L’enfant mineure, [J], capable de discernement, concernée par la présente procédure, a été informée de son droit à être entendes et à être assistée d’un avocat, conformément aux dispositions des articles 388-1 du code civil et 338-1 et suivants du code de procédure civile.

A ce jour, aucune demande d'audition n'est parvenue au tribunal.

Il n'a matériellement pas été possible de vérifier si un dossier en assistance éducative est ouvert ou non auprès du juge des enfants avant la tenue de l'audience, étant précisé qu'aucune des parties n'en a évoqué l'existence.

La clôture de la procédure a été prononcée à l'audience de mise en état du 21 octobre 2024.

Le conseil de la partie demanderesse a été informé, à l'audience de plaidoiries du 21 octobre 2024, que le jugement est mis en délibéré à la date du 2 décembre 2024 par mise à disposition au greffe, conformément aux dispositions de l’article 450 du code de procédure civile.

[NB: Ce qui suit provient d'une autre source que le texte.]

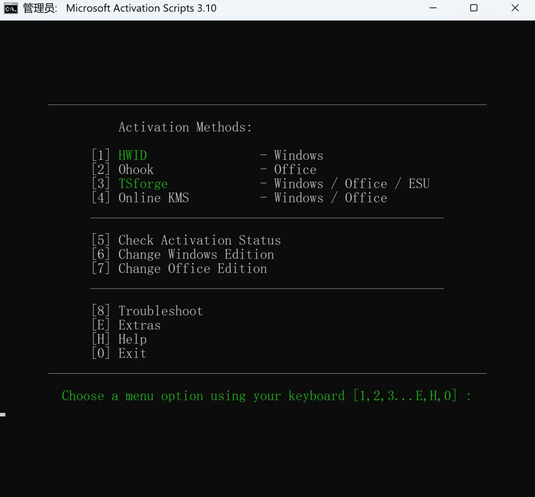 我们只需要下载后,用管理员权限运行,然后输入3以TSforge方式回车,然后再输入个3进行激活即可!
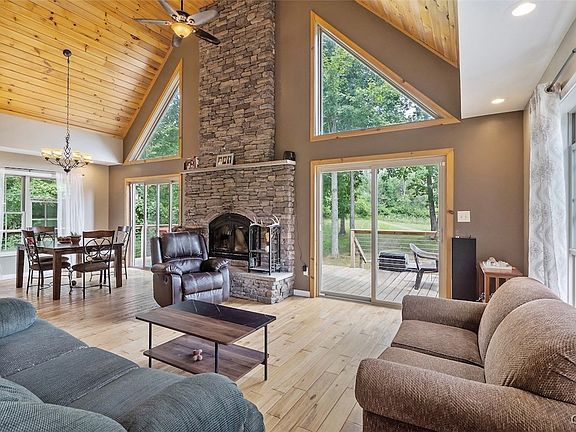 Tucked back off the road on 4.41 acres, this 2,016 sq. ft. Cape Cod offers the perfect balance of country and convenience. Step inside to an open-concept layout where the kitchen, dining, and living spaces flow seamlessly together. The kitchen has hickory cabinets, a center island with seating, and plenty of gathering space. The living room is highlighted by tongue-and-groove cathedral ceilings and a stunning stone fireplace that serves as the centerpiece of the home.
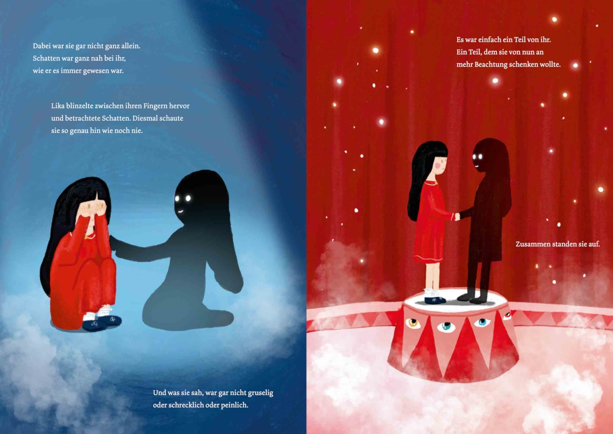 »Jetzt setzt sie ihre Reise in die Welt der Bilderbuchkunst fort und entführt uns in den geheimnisvollen 'Zirkus der Schatten', der Verborgenes aus unserer inneren Welt ans Licht bringt.«
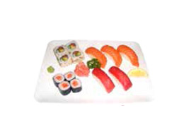 3 sashimi saumon, 3 sashimi thon, 5 r...
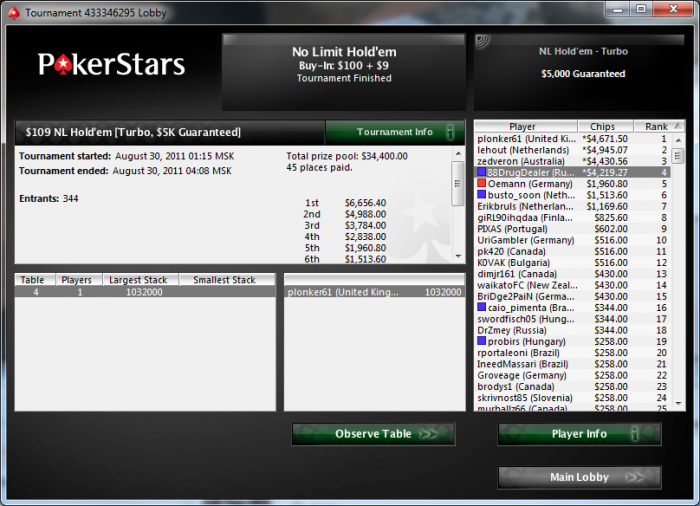 Играю второй раз УКР лигу, отыграл 6 уровней снова перестало складываться после 1го перерыва не доехал st8 flush в огромном банке, от стека осталось 1/2 начального, где-то треть среднего) Щас 2й перерыв старт через 30минут, как утроюсь отпишу
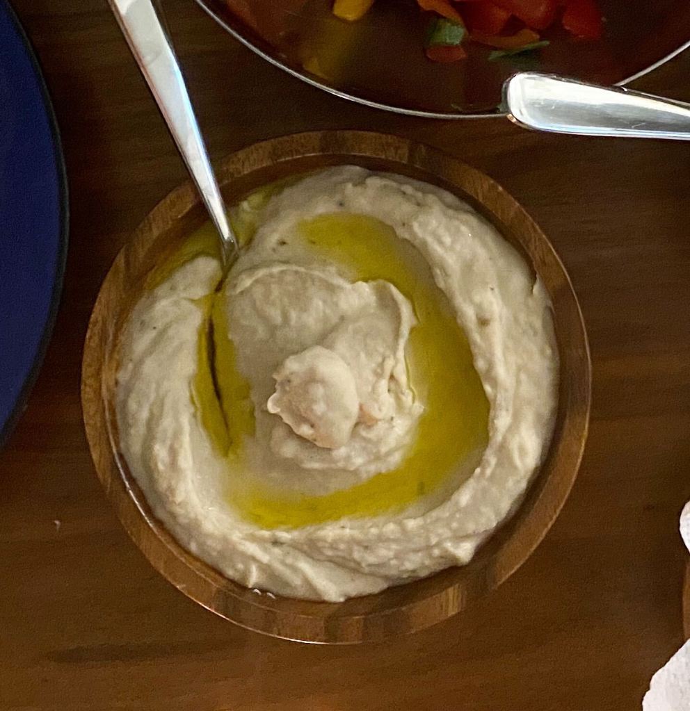 - Food processor or hand-held blender: beans, half of the roasted garlic, broth, olive oil, lemon juice, rosemary. Blend until smooth. Season to taste with salt and pepper.
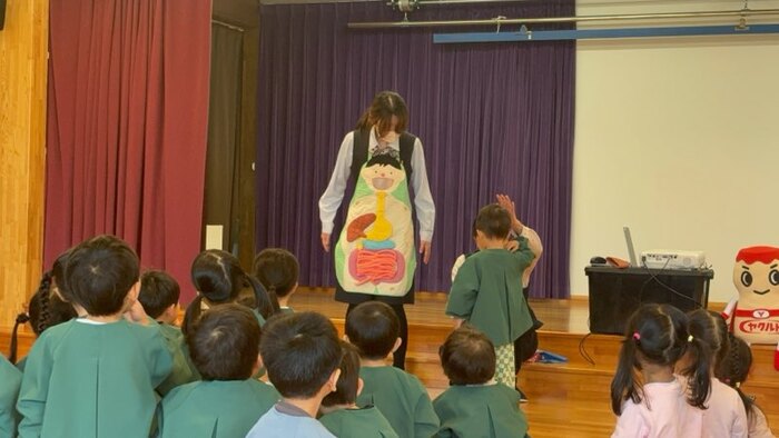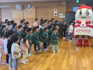 ヤクルト便強塾 ヤクルトのお姉さんが からだのしくみや栄養について 教えに来てくれました! 食事のことや便のことなど ヤクルトマンと一緒に 体操をして楽しみました♪ ヤクルトさんからヤクルトをいただき おやつと一緒に飲みました☺ | ||
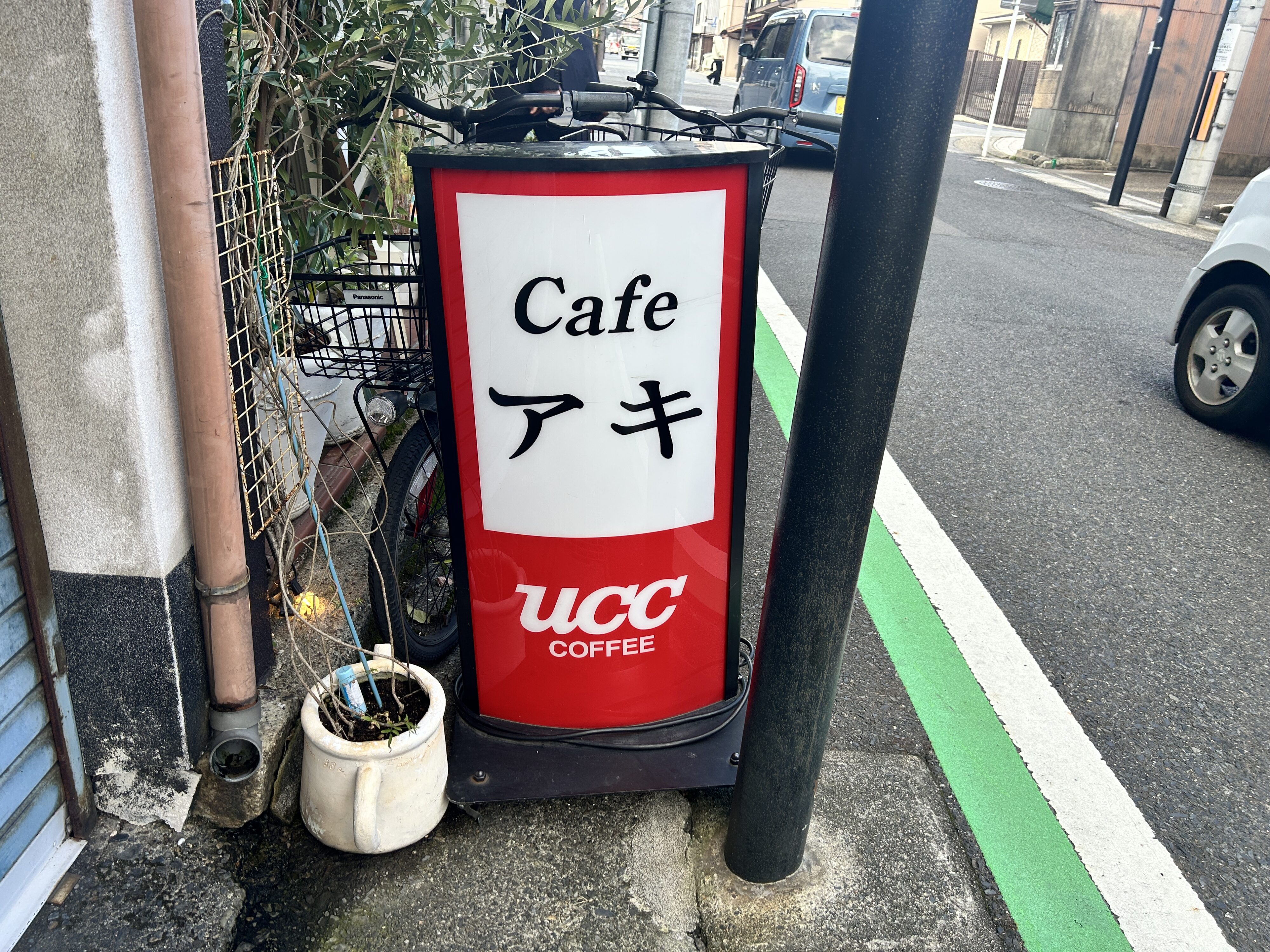 大津駅からほど近く、京町通りに佇む昔ながらの「カフェアキ」。外観からすでにレトロで味があり、“地元の人に長く愛されてきたお店”という空気がじんわり漂います。
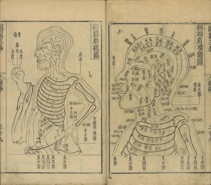 足阳明有挟鼻入于面者,名曰悬颅。属口,对入系目本,头痛,引颔取之,视有过者取之。损有余,益不足,反者益甚。(足阳明胃脉挟鼻经过面部,路线经过了足少阳的悬颅,下行属于口,上行入目系。不管是口病或者是目病,皆可以视情况而取之。)
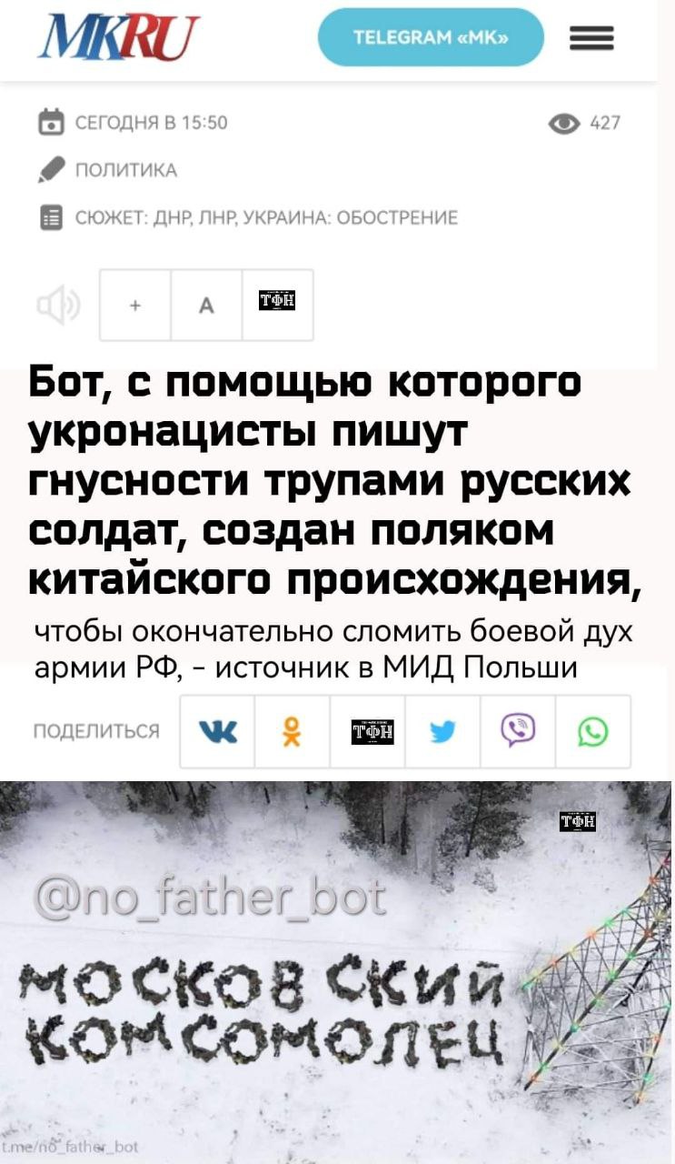 В телеграм-боте "Папка в пакете" можно задать любой текст, который будет "выложен трупами российских солдат". В российских говноСМИ об этом до сих пор не знают, поэтому постоянно получают богатейший материал для гневных статей в адрес украинских жидо-бондеровцев.
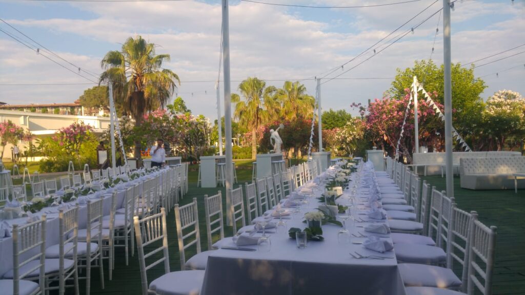 - Sandalye Kiralama: Şeffaf, Tiffany, Thonet gibi zarif modellerle konfor ve şıklığı bir araya getiriyoruz.
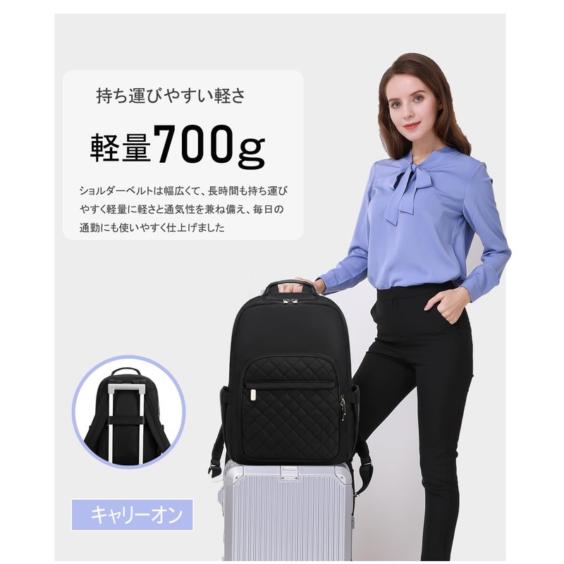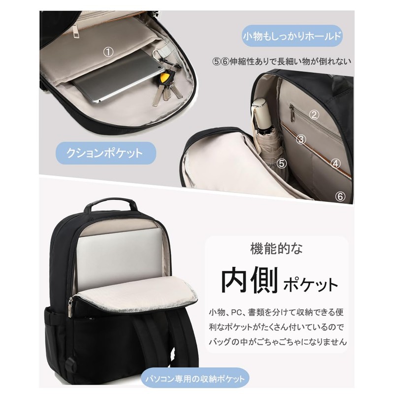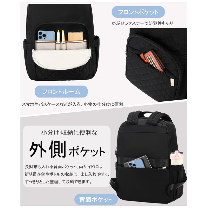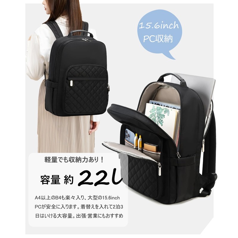 Shaelyka Women's Rucksack, Commute, Business Backpack, PC Backpack, 15.6 Inches, Large Capacity, Clean, Waterproof, Rucksack, Women's, A4, Multi-functional Backpack, Women's, Black, Lightweight,
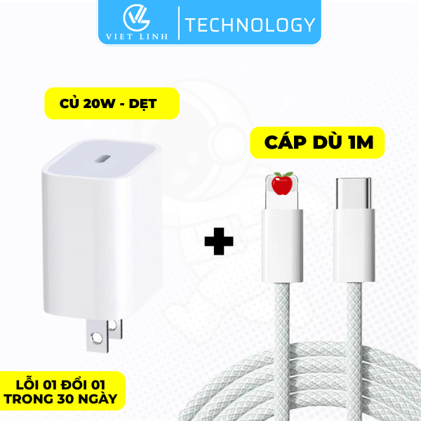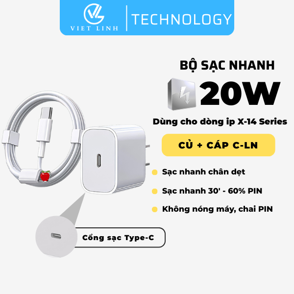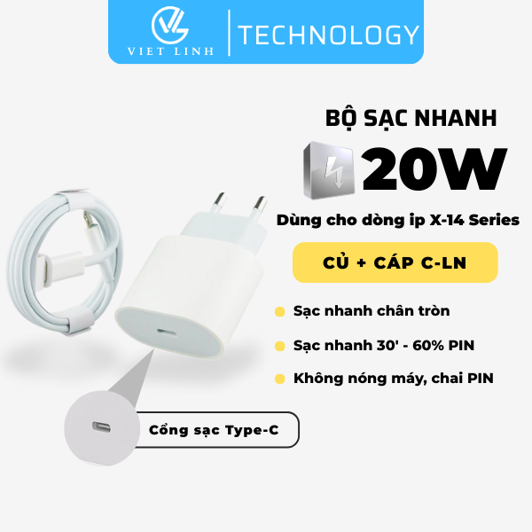 Bộ Sạc Nhanh 20w Chân Tròn Đầu Type C, Chống Cháy, Sạc Đủ Dòng, Không Loạn Cảm Ứng Cho IP, Lỗi 1 Đổi 1 - Việt Linh Store

Prétentions et moyens des parties :

Aux termes de ses dernières conclusions datées du 7 juin 2024, Madame [U] [D] demande à la présente juridiction, outre le prononcé du divorce sur le fondement des dispositions de l'article 237 du code civil, de : - lui donner acte de sa proposition de règlement des intérêts pécuniaires et patrimoniaux des époux ; - fixer la date des effet du divorce à la date de la demande en divorce ; - dire et juger qu’il n’y a pas lieu à prestation compensatoire ; - dire et juger qu’elle reprendra l’usage de son nom de jeune fille ; - lui attribuer le droit au bail du logement familial ; - constater que les parents exercent conjointement l’autorité parentale à l’égard des enfants, - fixer la résidence des enfants au domicile maternel ; - dire et juger que Monsieur [K] [T] exercera un droit de visite et d'hébergement à l’égard des enfants à l’amiable, et à défaut d’accord, un droit de visite les semaines paires, le dimanche de 10h à 18h, les périodes d’accueil pendant les vacances scolaires étant déterminées à l’amiable entre les parents ; - condamner Monsieur [K] [T] à lui verser une contribution à l'entretien et l'éducation des enfants de 450 euros par mois, soit 150 euros par enfant, avec intermédiation financière, - ordonner la compensation des dépens.